Ils étaient jugés pour avoir, selon les termes de la citation à comparaître, « par action concertée, commis des violences, des voies de fait ou causer des destructions ou dégradations aux biens meubles ou immeubles privés ou publics ou s’être introduits dans une manifestation avec le dessein d’y commettre ou faire commettre par les autres participants des violences, voies de faits, destructions ou dégradations de biens immobiliers ou mobiliers, en l’espèce la destruction des locaux de la présidence de l’université…d’avoir dans les mêmes circonstances de lieu et de temps porté volontairement des coups à des gendarmes… »

Comme il fallait s’y attendre, un tel jugement ne pouvait se dérouler sans une certaine passion, avec cette coloration politique qu’une partie de l’opinion est encline à lui conférer. Dans cette espèce de guérilla politico-judiciaire, qui a cours au Faso entre les tenants du pouvoir et leurs contempteurs, on a vite fait de voir dans l’Association nationale des étudiants burkinabè (ANEB), la meneuse de la lutte estudiantine, un poste avancé de la subversion. Il faut pourtant dire que les problèmes soulevés par les pensionnaires de Zogona sont réels, tant les conditions de vie et d’études des étudiants se sont considérablement dégradées ces 20 dernières années, malgré les ravalements périodiques de la façade universitaire par les autorités, qui disent faire ce qui est dans leurs possibilités.

Dans ce dialogue de sourds, qui s’est souvent installé entre les deux parties, l’enseignement supérieur burkinabè, lequel a quelquefois frôlé l’abîme, a régulièrement été dans une zone de turbulences, dont les incidents du 17 juin ne sont que les derniers avatars. Les accusés ont-ils été pris, comme l’a affirmé le parquet, « parce qu’ils s’acharnaient avec une violence inouïe, jamais égalée, sur les biens dans les locaux de la présidence de l’université de Ouagadougou » et qu’ils étaient animés « d’une folie meurtrière avec l’intention de porter atteinte à l’intégrité physique des gens » ? Les mis en cause ont, en tout cas pour la plupart, nié en bloc les charges qui pesaient sur eux, et pour leurs avocats, le dossier était vide en fait et en droit.

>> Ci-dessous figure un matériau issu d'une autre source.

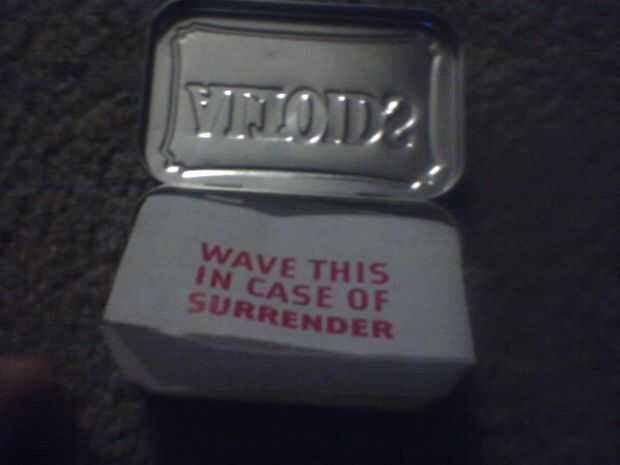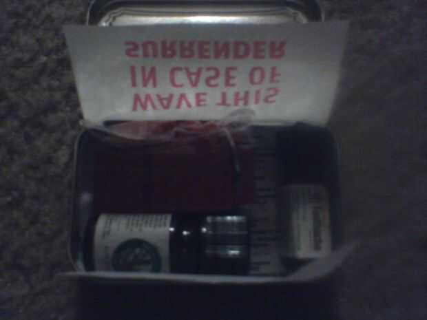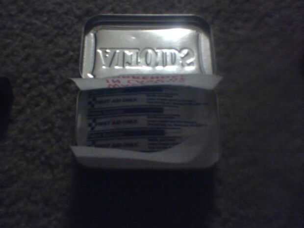 en mi kit de bolsillo med que tomo en todo el mundo, he aprendido más en su lata Altoids caben si pones todos los productos de papel-como en la parte inferior como lo hice. También se utiliza ese gran papel que vino con mi Altoids para envolver alrededor de todo por lo que tomó menos espacio. Si eres bueno en Tetris, aprenderás que hay mucho que puede caber dentro de una lata Altoids.

Comme dans toute action judiciaire, où chacun voit midi à sa porte, quitte à nier l’évidence, difficile de dire qui a raison et qui a tort, tant les arguments des uns annulent bien souvent ceux des autres. Il ne reste donc qu’à s’incliner devant l’autorité de la chose jugée, pour emprunter au jargon judiciaire. Il faut néanmoins se féliciter d’une chose : alors que le ministère public réclamait des peines de prison allant de 18 à 36 mois, le tribunal, présidé par un certain Wenceslas Ilboudo, a finalement décidé de condamner quatre (4) des 35 prévenus à 6 mois de prison avec sursis, une amende de 5000 FCFA et le payement de 1 franc symbolique à l’Etat. Tous les autres, soit 31 personnes, ont été relaxés.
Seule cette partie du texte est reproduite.